Sunday, January 11, 2004

It's about 4 degrees out but this makes me feel colder

This from the Guardian (UK).
Three Americans are due to be sentenced next month for their involvement in a plot to explode a cyanide bomb capable of killing thousands of people, in a case that has served as a reminder that homegrown terrorism is still a menace in a country permanently braced for another attack from abroad.
I wrote about the case in early December; this is the link. The Guardian story, however, adds a chilling fact:
It is, however, far from an isolated incident. Mark Potok, who keeps tabs on hate groups at the Southern Poverty Law Centre in Alabama, says up to 40 major conspiracies involving domestic terrorism have been uncovered since the 1995 Oklahoma attack by a rightwing war veteran, Timothy McVeigh, which killed 168 people.

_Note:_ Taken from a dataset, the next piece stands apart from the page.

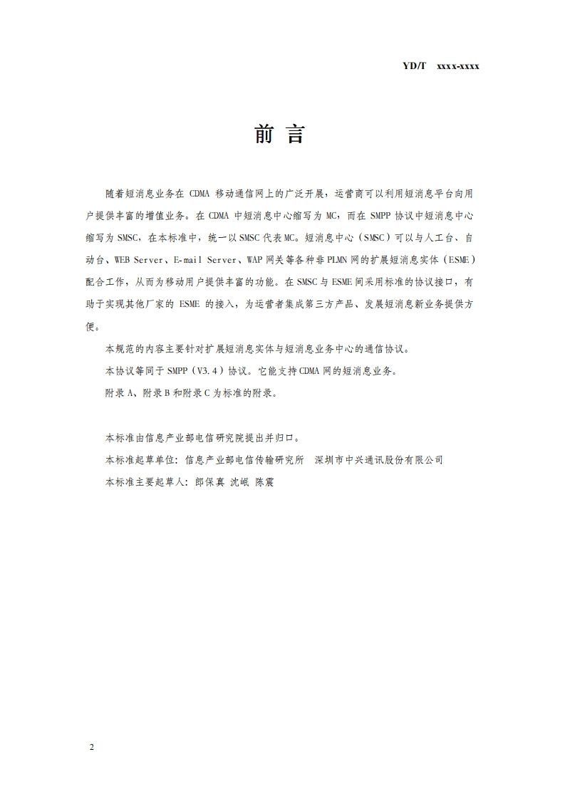 YD中华人民共和国通信行业标准YD/T XXXX-XXXX800 MHz CDMA数字蜂窝移动通信网扩展短消息实体到短消息中心的接口协议规范800MHz CDMA Digital Cel lular Mobile Telecommuni cationProtocol Specification for the Interface of Extended ShortMessage Entities(ESMEs)to Message Centres(MCs)(征求意见稿)20Xx-XX-Xx发布20xX-XX-Xx实施中华人民共和国信息产业部发布

One foiled plot, by Ku Klux Klan members in 1997, was aimed at blowing up a Texan oil refinery and could have killed up to 30,000 people in the immediate vicinity.
Many of the people who've commented on this, myself included, have noted the striking fact that few people have heard of such cases and wondered why.
But domestic conspiracies have received much less publicity than foreign threats.

"There is no question at all that had William Krar [the central figure in the case] been a Muslim, this would have been announced from the steps of the justice department," Mr Potok said. The arrests were announced locally in Texas but received hardly any press coverage. ...

The justice department has denied taking domestic terrorism less seriously than foreign threats, saying it pursued all violations vigorously.
But that misses the point. I have no trouble believing that the law enforcement professionals in the DOJ take their jobs seriously and are not ignoring domestic terrorism. Every case of supposed laxity in tracking our native-born wackos can be matched by a slip-up in keeping tabs on some foreign plotter. I realize that's a kind of backhanded defense, saying they've been equally inefficient in both areas, but it does say they haven't been focusing on one to the exclusion of the other.

But again, that's not the point. The point is the political purposes to which the cases are put by the top layers of the department, the shouting about one and the whispering about the other, the nativist and racist fears exploited to advance an agenda. That's the issue that cases such as this raise, that's the issue that we have to face.